BEGIN

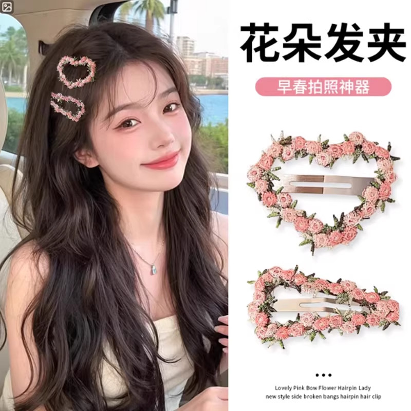 粉色刺绣花朵发夹女2026新款刘海夹侧边夹碎发发卡发饰五角星蕾丝
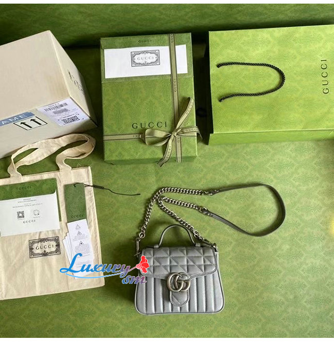 [스페셜오더]GUCCI-583571 1711 구찌 GG 마몽 그레이 가죽 미니 탑 핸들백
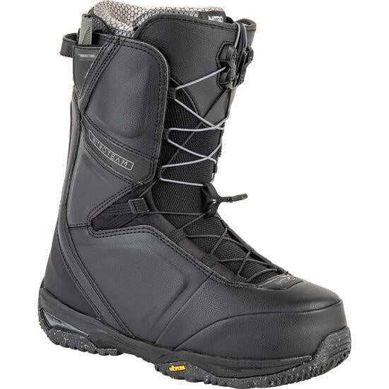 The Nitro Team boot is the go-to boot for snowboarders everywhere, from pros to local legends, because of its undeniable comfortable fit, versatile flex, and time-proven performance. Equipped with a Vibram® Outsole made of Vibram® ECOSTEP™ Compound, EVA Midsole, and an Air Dampening system underfoot for superior cushioning for all-day resort boarding and the best grip for those long hikes to the summit after the lifts close. Available in standard lacing or our team-trusted TLS Twin Lacing system for a customizable fit with an upgrade in speed thanks to the 45° Laceglider for a smooth lace-up and added lace durability. Combining the Cloud 9 Liner and Ortholite® Dual Density Footbed provides all-day cushioning and a sure foothold. Simultaneously, the Re/Lace Liner Locker allows you to retighten your liner mid-run or on the chair with ease if you feel the need for a mid-day adjustment. Like 22-year veteran Nitro team rider Eero Ettala, experienced pros ride the Team boot because it provides stability, comfort, reliability, and response needed to help push the bar even further. It's easier to push your limits when your feet are comfortably warm, and that's just what the reflective Therminator Shield does - keeps the heat in the boot where it belongs, especially on those bitter mid-winter days. Team-tested, time-proven performance with a fit just perfect for you!
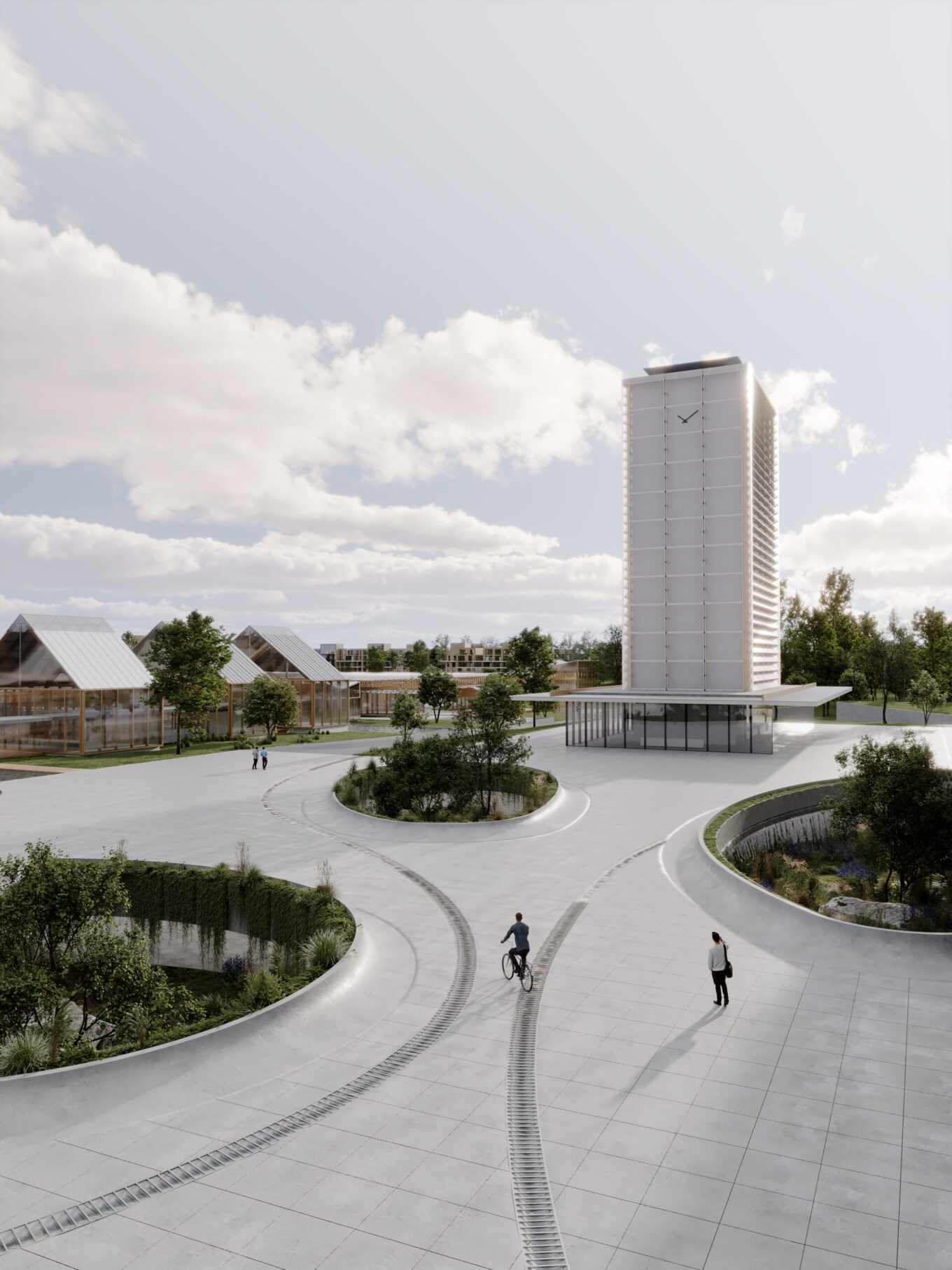 Я. К.: Так. У нас на центральній площі розміщена вертикальна теплиця з годинником, вона — ніби маяк для мешканців і гостей, що цілодобово вказує на центр, також вона дуже технологічна та важлива для продуктової безпеки міста. Гі, зокрема, здивувало, чому ми розташували горизонтальний тепличний комплекс у центрі урбанізації Vlasne Misto. Адже традиційно центр — це найвигідніше місце для комерційних об’єктів і житла. Але справа в тому, що технологічно теплиці мають охоронну зону, яка може бути зайнята комерційними об’єктами, але за законодавством не може бути зайнята житловими об’єктами. Другий момент — якби ми посунули теплицю на околицю, то вона не працювала б як місце тяжіння, і комерційні павільйони були б нераціональними. А розташувавши її в центрі, ми одночасно демонструємо цінність зайнятості з вирощування рослин, цінність локального продукту, залучаємо до цього захоплюючого процесу всіх жителів, а головне — тепличний комплекс працює як великий очисник повітря, фільтруючи з повітря 7000 тонн CO₂ на рік (це заміна 300 тис. дерев), а ще — 8000–9000 тонн CO₂, отриманого з очисних споруд! Враховуючи, що під теплицею будуть розташовані продовольчі склади та укриття, системи резервування електроенергії Storage і ТЕЦ, ми одразу вирішуємо питання безпеки та товарообігу під землею. Також нами запроєктований енергоефективний обмін між тепличним комплексом і будівлями навколо, між блоками розташовані, крім торгових павільйонів, і громадські, рекреаційні площі. Так, наш проєкт революційний. У Європі є об’єкти, де на першому поверсі розташований логістичний центр, а на дахах — теплиці. Але в нас теплиця — це первинне, решта — навколо неї.
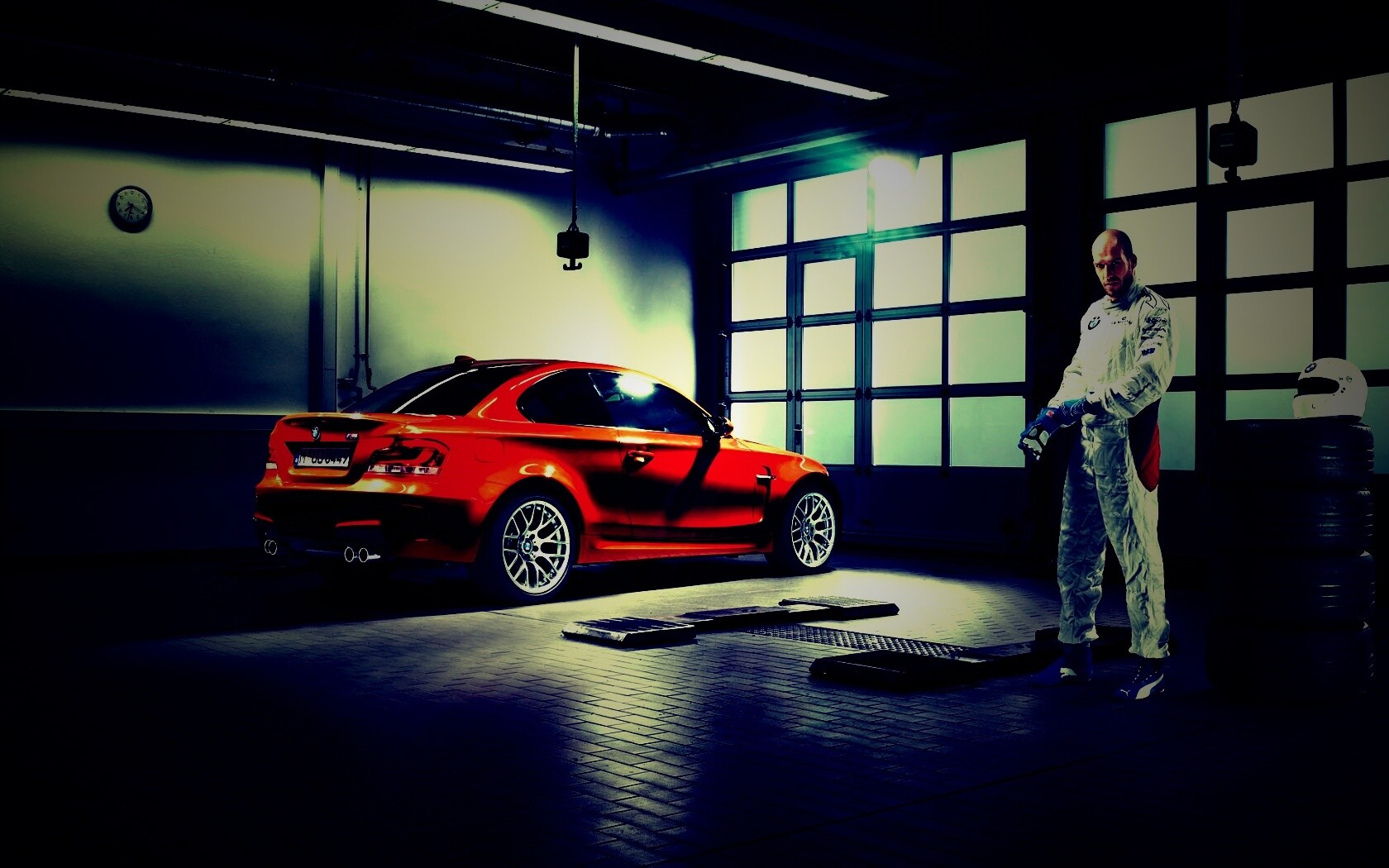 «Гонщик и BMW M1 в гараже»
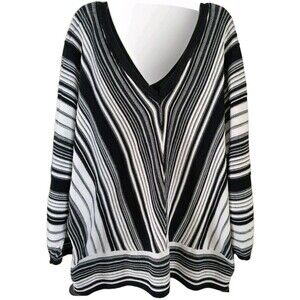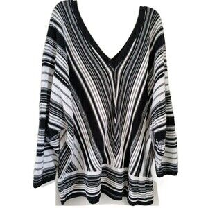 Lane Bryant Knit Blouse Size 26/28 Black/White Stripe V Neck 3/4 Sleeves
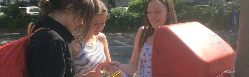 Projektidee: Wie können wir durch Botschaften im öffentlichen Raum zwischenmenschliche Distanz überwinden, die durch die Lockdowns und andere Einschränkungen ausgelöst wurde? Auf der Suche nach Antworten auf diese Frage sind die Schüler*innen der Klasse 8b des Gymnasiums Corveystraße mit ihrem Stadtviertel auf kreative Weise schriftlich in Kontakt getreten. Die Schüler*innen ließen sich zum größten Teil sehr offen und motiviert auf das Thema ein und entwickelten fantasievolle Botschaften an die Öffentlichkeit. Ihre größte Motivation lag darin, in diesen pandemischen Zeiten andere Menschen zu erfreuen bzw. ihnen ein Lächeln zu entlocken. Viele Schüler*innen haben während des Projektes die Erkenntnis gewonnen, dass sie ihr Viertel aktiv mitgestalten können und mit ihren Botschaften wahrgenommen werden. Dies ist eines der wichtigsten Ergebnisse des Projektes. Die Schüler*innen konnten teilweise direkt erleben, wie ihre kreativen Impulse bei Passant*innen (meist) positive Reaktionen erzielten. Das freute und bestätigte sie in ihrem Tun. Die Schüler*innen haben in dieser Zeit erlebt, dass sie mit Leichtigkeit den sie umgebenden Raum auf legalem Weg verändern können und dass sie die Freiheit haben, das zu tun. Wir hoffen, dass sie durch das Projekt angeregt wurden, auch in Zukunft in und mit ihrem Viertel kreativ zu kommunizieren.
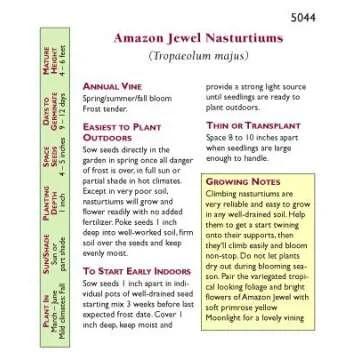 Show moreDiscover the enchanting beauty of the Nasturtium - Climbing Amazon Jewel Seeds, where vibrant colors meet lush, unusual foliage. This delightful plant features variegated vining leaves that will add a touch of tropical wonder to your garden. As these seeds germinate, expect to be captivated by their brilliant spurred blossoms in a stunning array of exotic shades, including Pumpkin, Peachy-Rose, Ruby, Gold, and Pale Lemon. Perfect for creating a breathtaking display, these flowers promise to transform your outdoor space into a veritable jungle of gemstones, bursting with fragrance and color that will delight the senses.
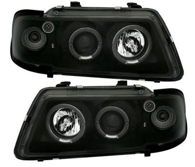 7. Φανάρια εμπρός angel eyes για Vw Passat 3Β/B5 (1997-2000) - μαύρα , χωρίς λάμπες (Η7) - σετ 2τμχ.
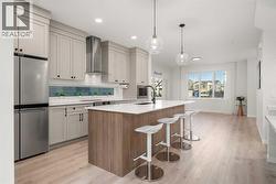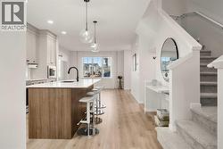 Immaculate and truly move-in ready, this Calbridge Homes Vista EV shows like new and offers a rare opportunity to enjoy a fully finished home without the wait or work of building. The modern layout spans three levels with three bedrooms and two and a half bathrooms, capped by a stunning third-floor bonus room that opens directly onto an incredible rooftop patio, a rare and highly desirable feature. The main level features a bright, open layout with 9-foot ceilings and great flow for everyday living. The kitchen offers ceiling-height cabinetry, a dedicated coffee bar, ample pantry space, and a large island, while the dining area opens directly to the rear deck, creating an easy indoor-outdoor connection. Upstairs, the primary bedroom offers generous space and a walk-in closet, paired with a well-appointed ensuite featuring dual vanities, a glass-enclosed shower, and a soaker tub. The conveniently located upstairs laundry area sits just steps from the primary bedroom. Two additional bedrooms and a full bathroom complete the second level. The third-floor bonus room is a true retreat, offering a bright, relaxed space to unwind, work, or host friends, with direct access to the rooftop patio and open-sky views that make it feel like a private escape above it all. Outside, the home is fully finished with low-maintenance landscaping, full fencing, and a spacious rear deck, making it truly ready to enjoy from day one. Located in Alpine Park, one of Calgary’s most thoughtfully designed new communities, residents enjoy walkable pathways, parks and picnic areas, community gardens, Skyline Pond, tennis and basketball courts, Central Park with city views, and a fully fenced, off-leash dog park within walking distance. The upcoming Alpine Park Village Centre will add cafés, shops, and everyday conveniences just minutes from your door. A rare combination of like-new condition, exceptional outdoor space, and a thoughtfully designed community, this home delivers an elevated and conne cted lifestyle. (id:27)
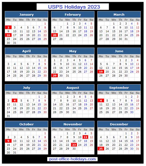 Alright, let’s get down to business with the USPS holidays 2023 schedule. The United States Postal Service observes all federal holidays. This means that on these specific days, you won’t see any regular mail delivery, and most post office locations will be closed. It’s not just a suggestion; these are official closures. Knowing these dates is crucial for planning. Miss a holiday, and you might be waiting an extra day or two for your mail to arrive. We’re talking about everything from your daily bills and junk mail to those eagerly anticipated packages. So, let’s list them out nice and clear:
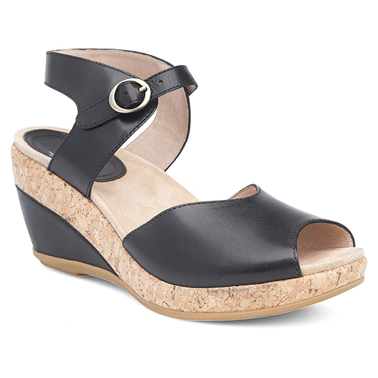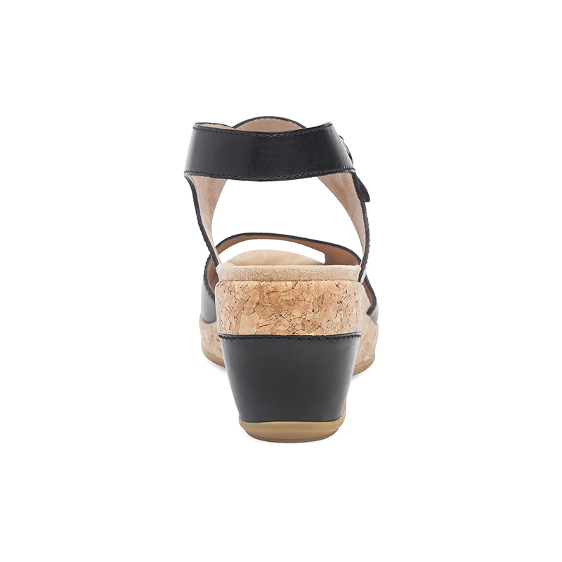 - レザーとコルクの PU ウェッジはヒールの安定性とつま先部分の柔軟性を提供
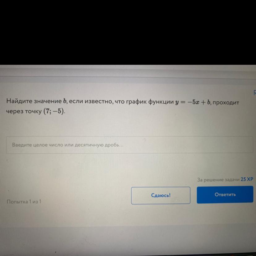 Найдите значение ь, если известно, что график функции у = -5x + b, проходит
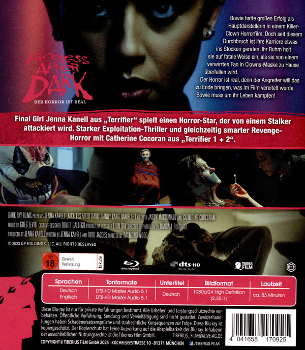 Bowie hatte großen Erfolg als Hauptdarstellerin in einem Killer-Clown Horrorfilm. Doch seit diesem Durchbruch ist ihre Karriere etwas ins Stocken geraten. Ihr Ruhm holt sie auf fatale Weise ein, als sie von einem verwirrten Fan in Clowns-Maske zu Hause überfallen wird. Der Horror ist real, denn der Angreifer will das zu Ende bringen, was im Film vereitelt wurde. Bowie muss um ihr Leben kämpfen!
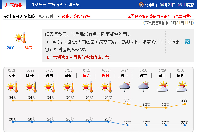 深圳新闻网讯 今天是24节气中的“夏至”,意味着炎热天气的正式开始。记者获悉,接下来一周的天气主格调仍是晴热。20日,全市约50%(50个)的自动气象站最高气温达到34-35℃,大学城站记录到全市最高气温36.1℃。市气象台在20日7:30发布了高温黄色预警,是今年首个高温预警信号。
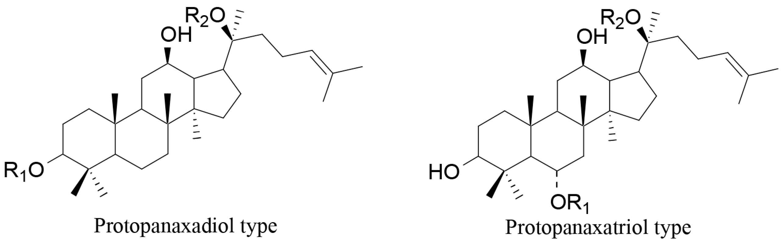 - Kim, J.H.; Kang, S.A.; Han, S.M.; Shim, I. Comparison of the antiobesity effects of the protopanaxadiol- and protopanaxatriol-type saponins of red ginseng. Phytother. Res. 2009, 23, 78–85. [Google Scholar] [CrossRef] [PubMed]
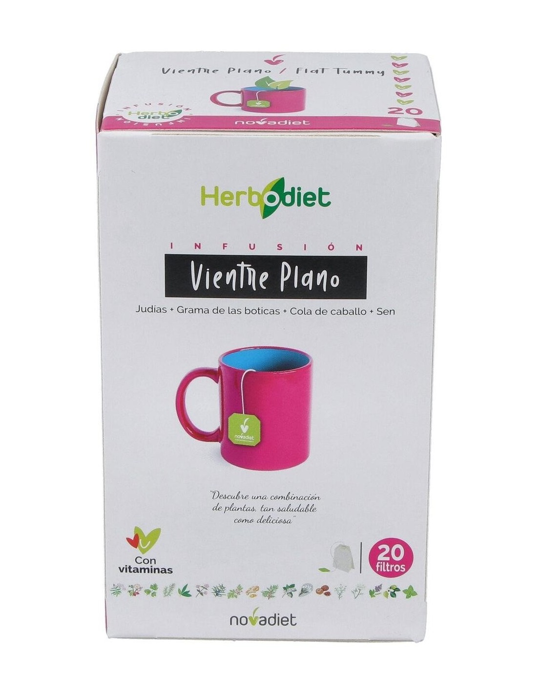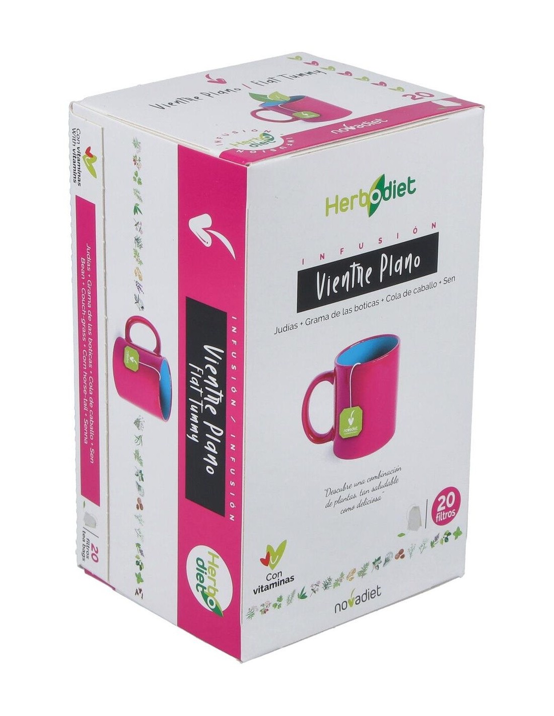 Herbodiet Vientre Plano Envase de 20 bolsitas filtro de 1,5 g de Novadiet es una infusión diseñada para personas que buscan complementar su rutina diaria con una bebida natural que favorece la sensación de ligereza abdominal. Este producto es adecuado para quienes desean incorporar ingredientes de origen vegetal en su dieta de forma práctica y cómoda.

END

Repeat the records above exactly, from the first line through the line that contains "[스페셜오더]GUCCI-583571 1711 구찌", and leave out the pictures.

 粉色刺绣花朵发夹女2026新款刘海夹侧边夹碎发发卡发饰五角星蕾丝
 [스페셜오더]GUCCI-583571 1711 구찌 GG 마몽 그레이 가죽 미니 탑 핸들백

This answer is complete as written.